Nourish to Flourish: Finding My True Calling During a Gap Year

During my undergraduate CSD program in 2012, I travelled to Europe for the first time on a study abroad trip to Italy. It wasn’t all pasta, wine, and frolicking around the Italian hillsides–if only! The trip was part of the European Union’s Erasmus Mundus Program, which allows students around the globe to study in Italy.

Finding My Path–Teaching Italian Students How to “Speak American”

In addition to my classes and lectures in Italian studies, I taught Italian students how to improve their English language skills for their upcoming exams. I also helped them speak with an American accent, while reducing their own, and taught them some colloquial slang so they’d sound more like natural 20-year-olds.

This experience proved to me that I wanted to be a clinical speech-language pathologist. I wanted to help children, adolescents, and adults not only find their voice when it was lost, but also build bridges to facilitate language not only between English speakers, but between mother tongue English speakers and English as a Second Language (ESL) speakers, and vice versa.

Bringing My Italy Experiences Back to the States

During my time in Italy, I realized just how much I enjoyed teaching others English. Once I was back in the U.S., my interest in foreign languages and cultures broadened. I found a program at my university called the English Language Institute (ELI), which allowed me to take Italian classes, participate in Italian Club, practice in conversation groups, and become a conversation partner to foreign exchange students. These experiences supported what I felt in Italy—I wanted to do this full time.

Taking A Leap

One of my ELI professors chatted with me about using my experiences from Italy and the ELI program to become an English teacher abroad—instead of going straight to grad school. But what about my career as a SLP?!

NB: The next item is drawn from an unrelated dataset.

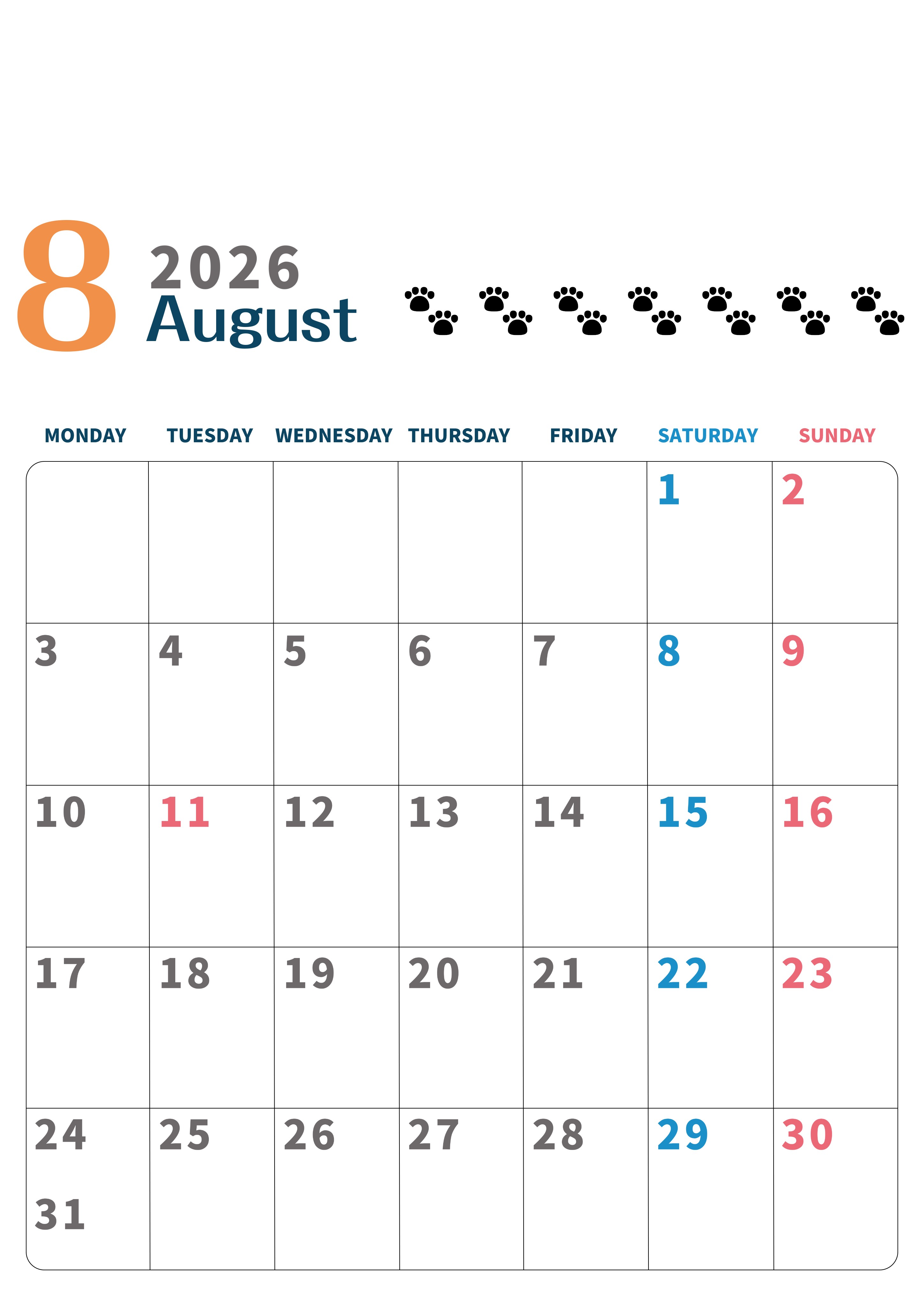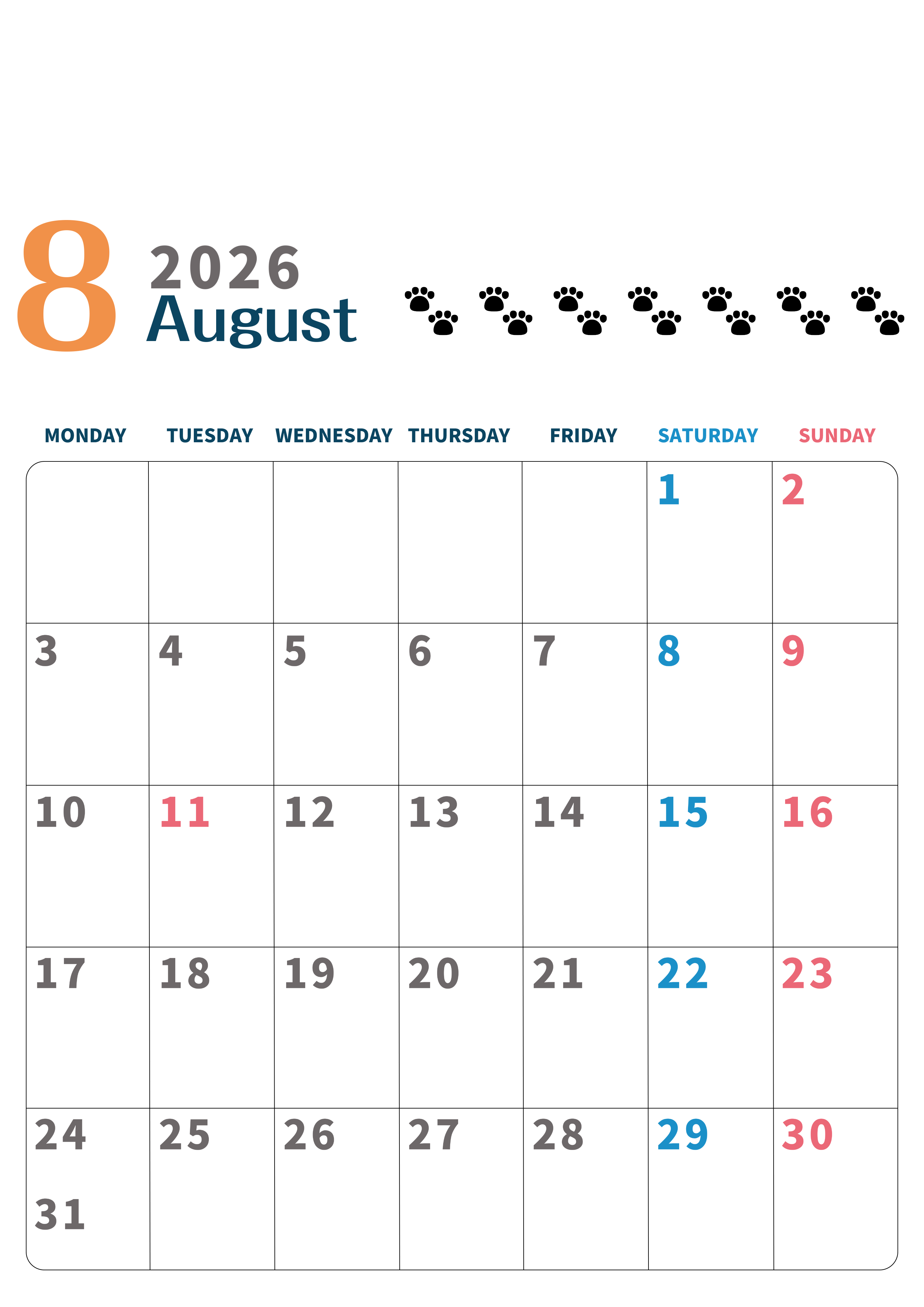 2026年・無料のカレンダーテンプレート 2026年8月カレンダーは縦型月曜始まりで猫の黒い肉球がゆるかわいいほっこりするイラストつき無料素材♪(2026-01220811) 素材状デザイン王 2025年4月9日 2026年8月カレンダーは縦型月曜始まりで猫の黒い肉球がゆるかわいいほっこりするイラストつき無料素材です。ダウンロードして毎日の癒しアイテムとして壁に貼って使うのをおすすめします♪(2026-01220811) かわいい 8月 猫 縦型のカレンダー 月曜始まり カレンダーデザイン-0122

I confided in trusted professors and supervisors and confessed my fears of losing the knowledge I’d worked so hard to gain in my CSD classes, as well as the relationships I’d made in the department and among my peers. Their opinions were a resounding, “go!” They knew this experience would make me a stronger clinician and reassured me that everything would still be here for me when I got back. I agreed and took the leap.

My Gap Year

After finishing my undergraduate program, I moved to Rome for a gap year before applying to graduate school. Well… two gap years!

In Italy, I worked as an ESL instructor in a high school, private English institutions, and a preschool, as well as through private group and individual lessons. The diversity of my students was staggering and unexpected. Often, I’d begin my day teaching 14-year-olds how to properly structure an argumentative essay and end the day teaching adults about proper phrases and greetings to use in a restaurant or party. I worked with singers and actors for accent reduction—even collaborated on song translations with an underground rock group!

Nourish to Flourish

When reflecting on my first semester of grad school and my first independent clinical experience, I’m certain my time as an ESL instructor allowed me to flourish in my clinical abilities. The sensitivity and creativity that was required of me as an ESL Instructor is an integral part of our field. Most importantly, our focus will be on each individual client and their success, both inside and outside of their sessions.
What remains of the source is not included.